++++ DATA LISTING

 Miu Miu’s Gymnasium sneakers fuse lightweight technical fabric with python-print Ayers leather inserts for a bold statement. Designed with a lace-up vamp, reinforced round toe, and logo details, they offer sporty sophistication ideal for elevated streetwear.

++++++++
++++ DATA LISTING

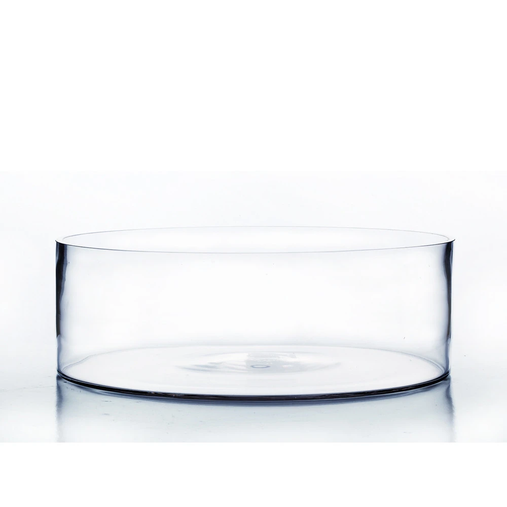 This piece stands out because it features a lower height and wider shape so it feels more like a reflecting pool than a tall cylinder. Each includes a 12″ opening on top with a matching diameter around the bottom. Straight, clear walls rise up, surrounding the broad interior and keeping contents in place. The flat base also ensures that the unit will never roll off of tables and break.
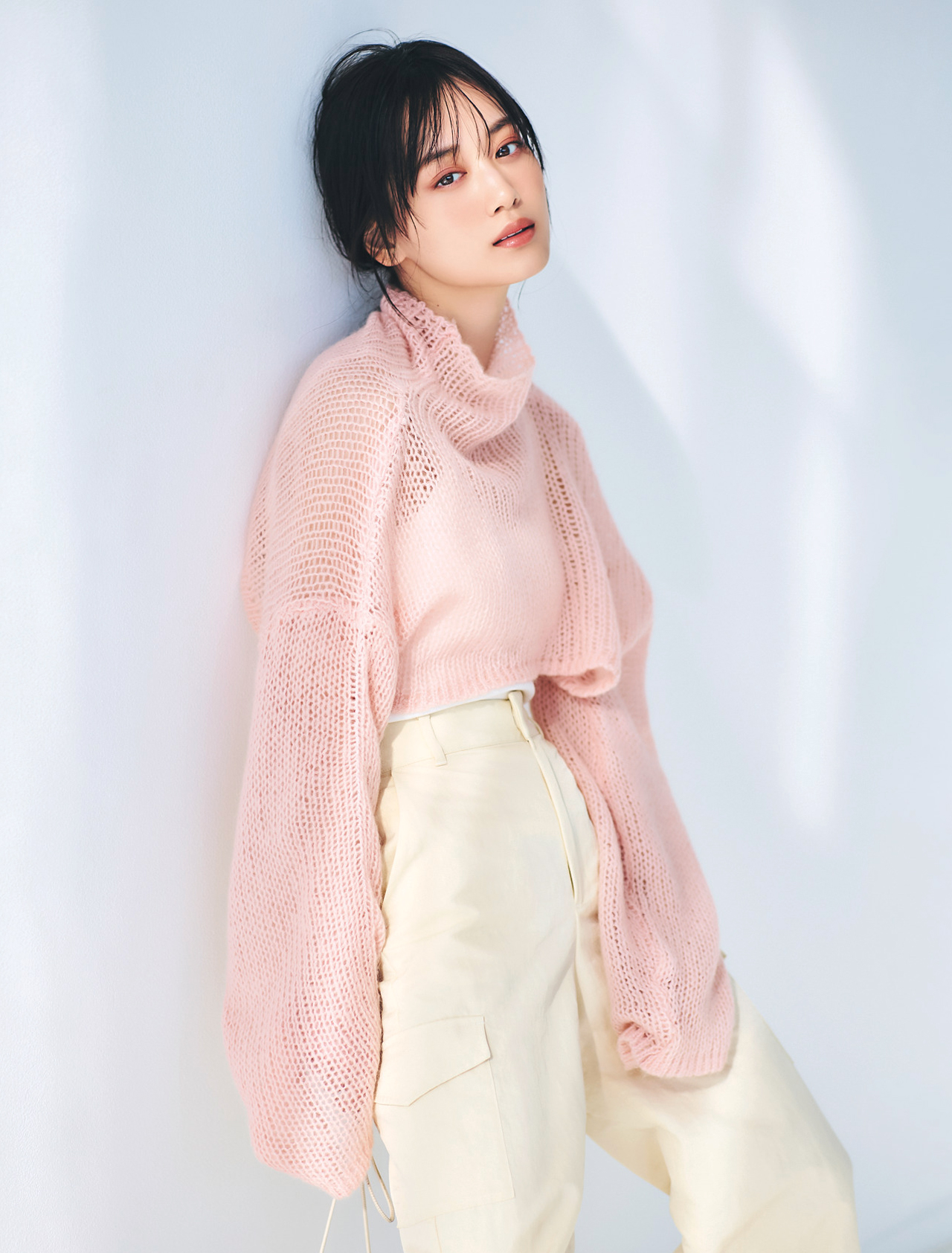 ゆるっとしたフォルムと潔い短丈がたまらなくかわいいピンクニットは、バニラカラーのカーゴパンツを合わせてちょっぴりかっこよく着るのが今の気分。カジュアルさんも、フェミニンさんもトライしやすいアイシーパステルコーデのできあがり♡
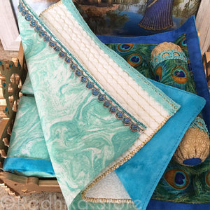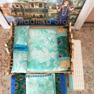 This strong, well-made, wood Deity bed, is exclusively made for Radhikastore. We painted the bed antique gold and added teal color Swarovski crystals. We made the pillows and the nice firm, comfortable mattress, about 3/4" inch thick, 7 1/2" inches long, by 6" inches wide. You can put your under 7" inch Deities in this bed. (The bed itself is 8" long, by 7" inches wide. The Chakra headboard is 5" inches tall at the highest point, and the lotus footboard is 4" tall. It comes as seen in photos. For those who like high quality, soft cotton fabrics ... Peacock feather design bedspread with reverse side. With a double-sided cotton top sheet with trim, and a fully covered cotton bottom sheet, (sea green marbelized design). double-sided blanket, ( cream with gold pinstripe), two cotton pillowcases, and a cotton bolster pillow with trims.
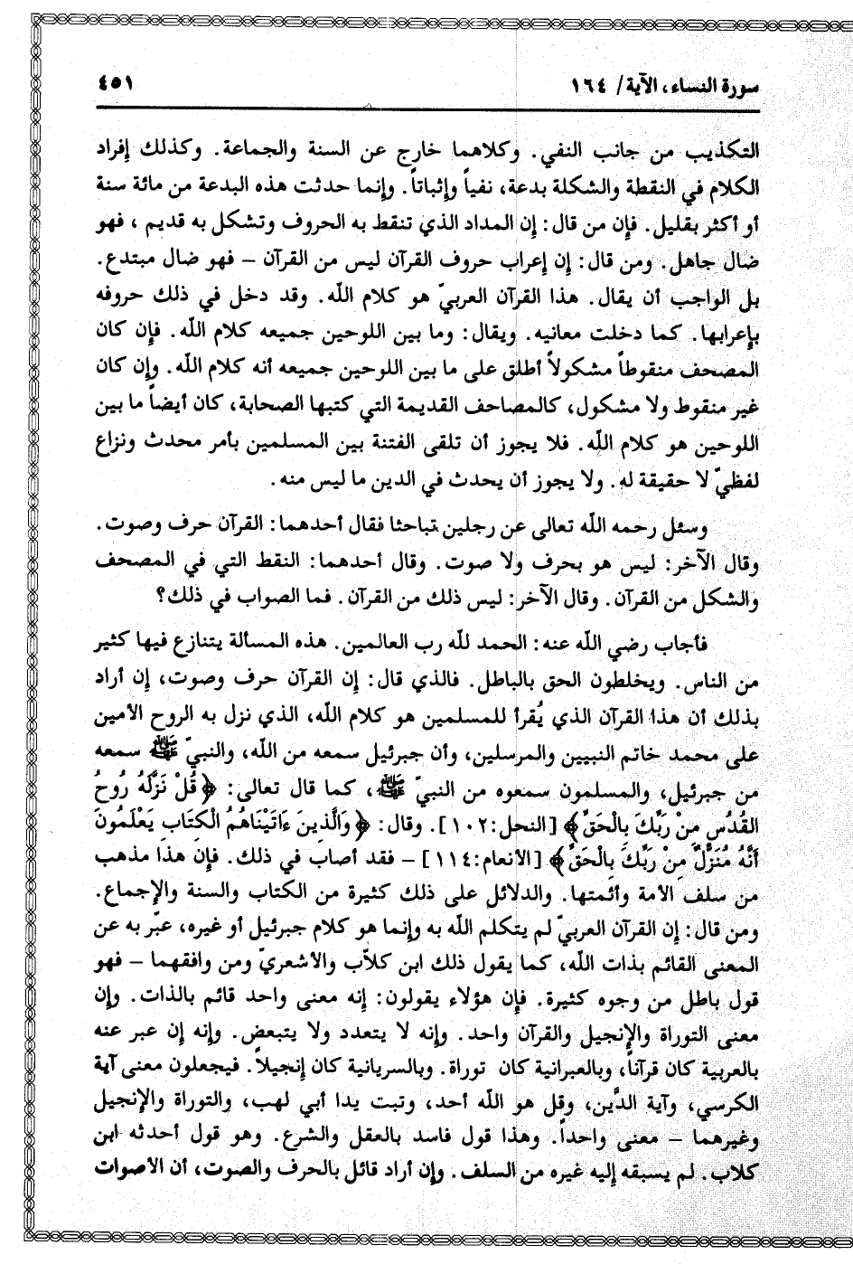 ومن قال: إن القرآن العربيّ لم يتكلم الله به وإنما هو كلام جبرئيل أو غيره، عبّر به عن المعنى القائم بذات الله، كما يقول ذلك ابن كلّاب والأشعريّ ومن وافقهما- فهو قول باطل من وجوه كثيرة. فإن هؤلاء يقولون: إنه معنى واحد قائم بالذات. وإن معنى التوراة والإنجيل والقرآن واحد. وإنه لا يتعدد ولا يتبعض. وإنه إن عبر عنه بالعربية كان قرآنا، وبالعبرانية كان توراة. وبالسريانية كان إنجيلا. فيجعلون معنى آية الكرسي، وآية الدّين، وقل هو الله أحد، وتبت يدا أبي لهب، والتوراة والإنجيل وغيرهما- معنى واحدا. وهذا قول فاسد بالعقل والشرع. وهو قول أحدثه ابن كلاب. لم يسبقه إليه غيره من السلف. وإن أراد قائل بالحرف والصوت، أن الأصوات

++++++++
++++ DATA LISTING

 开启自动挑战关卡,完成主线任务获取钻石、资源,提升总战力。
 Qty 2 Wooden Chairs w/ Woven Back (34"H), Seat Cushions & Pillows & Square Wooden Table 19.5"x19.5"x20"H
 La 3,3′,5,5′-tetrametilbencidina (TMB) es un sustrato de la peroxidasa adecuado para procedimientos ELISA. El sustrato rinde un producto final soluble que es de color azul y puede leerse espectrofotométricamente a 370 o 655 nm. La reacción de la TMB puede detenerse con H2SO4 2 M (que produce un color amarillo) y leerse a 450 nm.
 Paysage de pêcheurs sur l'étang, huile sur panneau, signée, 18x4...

++++++++

REQUIRED WORK: Above are the records; copy exactly the lines from the line with "Qty 2 Wooden" through the line with "Paysage de pêcheurs", both included.

EXERCISE RESPONSE:
 Qty 2 Wooden Chairs w/ Woven Back (34"H), Seat Cushions & Pillows & Square Wooden Table 19.5"x19.5"x20"H
 La 3,3′,5,5′-tetrametilbencidina (TMB) es un sustrato de la peroxidasa adecuado para procedimientos ELISA. El sustrato rinde un producto final soluble que es de color azul y puede leerse espectrofotométricamente a 370 o 655 nm. La reacción de la TMB puede detenerse con H2SO4 2 M (que produce un color amarillo) y leerse a 450 nm.
 Paysage de pêcheurs sur l'étang, huile sur panneau, signée, 18x4...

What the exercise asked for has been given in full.